CPCL targets improvements to margins

Measures to boost realisation include a naphtha splitter, low sulphur fuel oil foray

State-owned refiner Chennai Petroleum Corporation Ltd. (CPCL) , which posted a loss of ₹2,078 crore in FY20, has planned several initiatives for the current fiscal to improve its operational performance, said a top official.

CPCL posted a pre-tax profit of ₹430 crore in the first quarter following improvement in crude prices though product margins continued to remain below the economic level and demand was only 70-75% of the normal. “We expect the demand to significantly improve by Q3 of FY21,” Chairman S.M. Vaidya told shareholders at the annual general meeting.

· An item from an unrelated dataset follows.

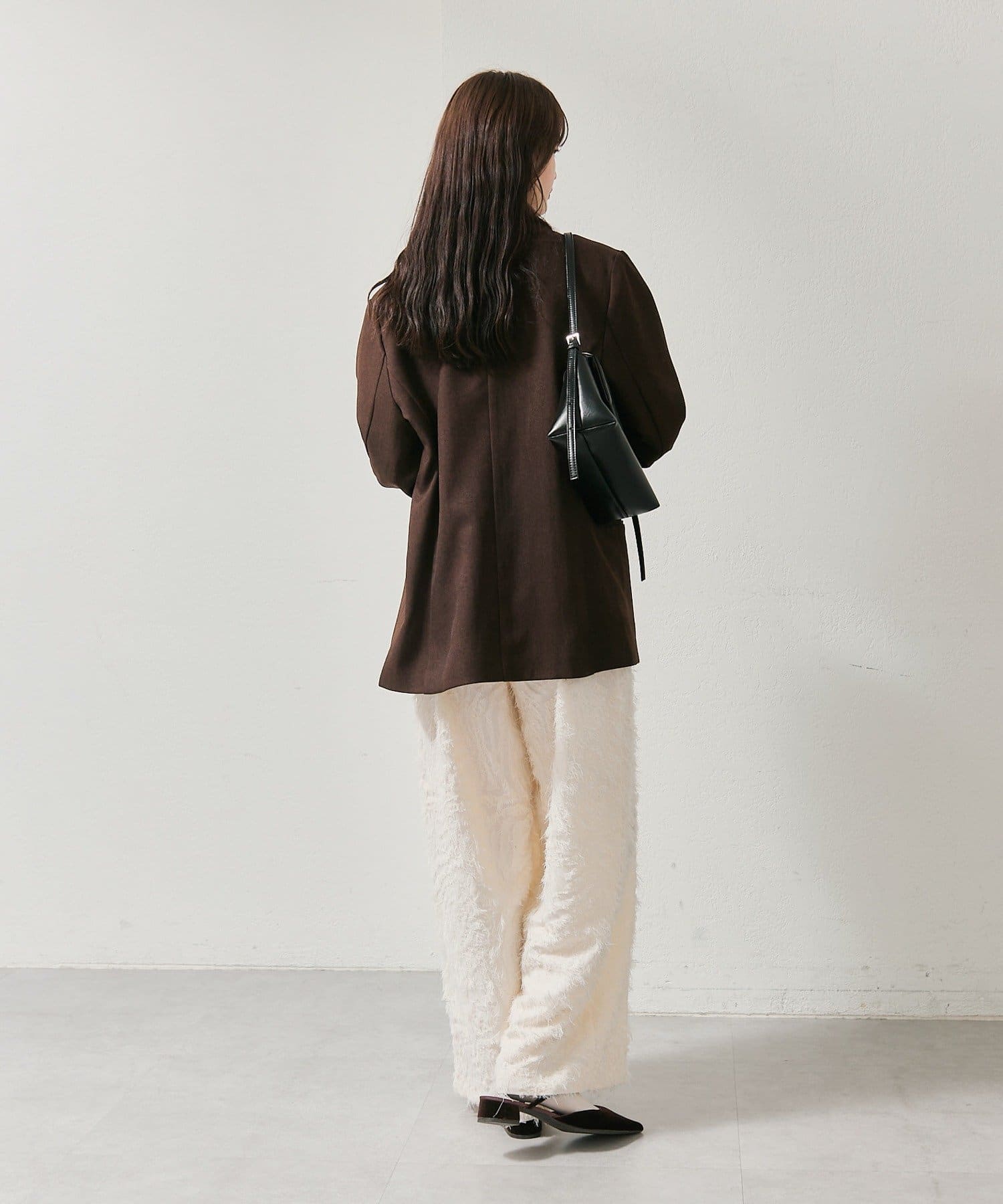 ・足元はローファーやブーツでクールにまとめたり、ヒールを合わせてフェミニンスタイルにも。

“CPCL has initiated many measures to improve profitability and reduce operating costs and with good physical performance combined with these new measures, we are confident of better financial performance in the current fiscal,” he said.

As part of measures to improve margin realisation, a naphtha splitter was being installed in crude unit II to split the naphtha into light and heavy grades.

“This initiative will improve margin realisation of naphtha through exports and also help to consume part of the production within India as also contribute to improve the company’s gross refining margin,” Mr. Vaidya said.

CPCL had also initiated action to manufacture low sulphur fuel oil, which has a better margin compared to other products. It also plans to raise hexane output from 20,000 MT to 36,000 MT per year during 2021-22 and later scale it up by an additional 15,000 MT per year in the near future. These efforts were expected to improve profitability by about ₹90 crore per year.

Higher production of Lube Oil Base Stock (LOBS) products would also increase CPCL’s profitability, as margins from LOBS are quite high, he added.